На следующий день я целенаправленно начала раздачу импровизированного ужина с Тамары Васильевны, стараясь уделить ей как можно больше внимания. Однако наладить контакт оказалось не так просто – дама с характером, всю жизнь проработавшая на руководящей должности, относилась ко мне с недоверием, и только когда я рассказала ей о том, что приехала из Москвы, в свой отпуск, чтобы помогать в Мариуполе как доброволец, ее сердце смягчилось. Мы обнялись, как подруги, сели на кровать с панцирной сеткой, и Тамара Васильевна с горечью поведала мне, что, лишившись крова, она утратила и вещи, и документы, которые сгорели, и все контакты с единственным сыном, который живёт в северной столице и наверняка страшно волнуется, потеряв ее.
– А если мы попробуем найти его через социальные сети? Как его зовут? – предложила я без особой надежды, поскольку уже имелся печальный опыт поиска родственников «ивановыхивановивановичей», коих в Одноклассниках имелось несколько тысяч, – может, у него редкое имя, а, Тамара Васильевна?
– Да нет, обычное имя совершенно. Знаете, я мечтала назвать сына Феликсом, что означает «счастливый», а муж настоял на Эрнесте. Совершенно обычное, непримечательное имя. Ничего особенного…
– Эрнест? Я хотела так назвать сына, – вскочила я радостно, а Тамара Васильевна аж подпрыгнула на пружинах, – у нас есть надежда! До завтра! Мы очень-очень постараемся его найти!

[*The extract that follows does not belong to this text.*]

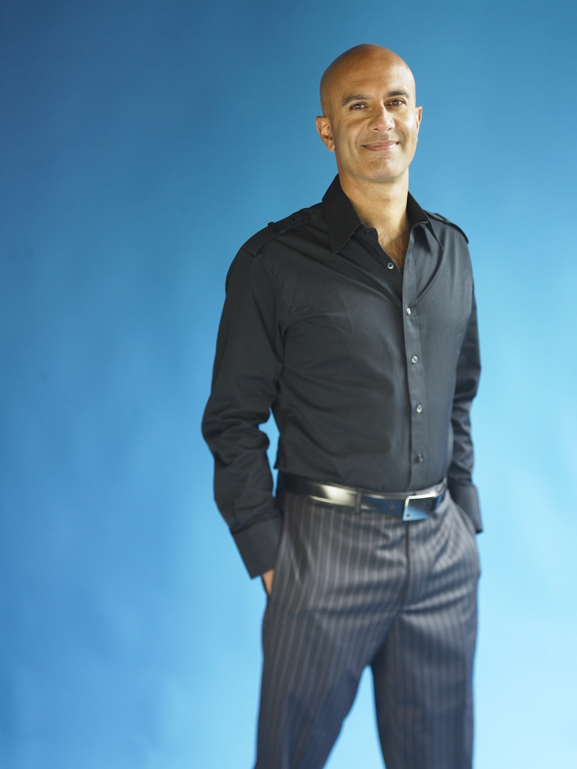 Picture of Robin Sharma

Так как Интернет имелся только в больнице и работал с большими перебоями, то просьба найти Эрнеста была передана волонтеру, недавно вернувшемуся в Москву. Уже потом я подумала – а точно ли сын ищет маму, ведь в жизни всякое бывает. Да, есть сыновья – симы, иафеты, но ведь и хамы тоже есть.
«Нашел, имя довольно редкое, это было несложно. Он очень обрадовался, был просто счастлив, давно и безуспешно искал маму! Вот номер», – пришло невероятное сообщение, когда я меняла подгузник очередному пациенту.
На следующее утро (всю ночь ворочалась, не могла его дождаться), предварительно созвонившись с Эрнестом, мы пришли к Тамаре Васильевне.
– Доброе утро! Хотите проговорить с сыном? Мы нашли его!! – мне кажется, я была рада не меньше матери и сына.
– Сынок, я здесь, в больнице. Нет, не болею, просто живу, да, документы восстанавливают, ты искал меня? Волновался? Ждёшь?
– Мама, мы все, все тебя ждём! Слава Богу, мама! Ждём документы, да?
Разговор был такой трогательный, что все, даже проходящие мимо, останавливались и улыбались. За окном, медленно потягиваясь, поднималось щедрое мариупольское солнце. Я уже догадывалась, что, вернувшись в свою жизнь, буду скучать и вспоминать. Перед отъездом зашла проститься со всеми жителями восьмого этажа. Тамара Васильевна обняла меня и заплакала:
– Я ведь как думала? Никому мы не нужны, брошены, страшно, горько. Тут ещё печенье… Ангел мой, прости, мы тебя теперь только так называем с сыном, ангел мой, как хорошо, что случилось это печенье, которое мне не досталось. Мы бы и не поговорили с тобой, и не нашли бы сына. Я вообще теперь, когда вижу ваших волонтеров, говорю себе: «Бог есть, вот же Он, прислал своих помощников». Береги себя, наш ангел, и спасибо.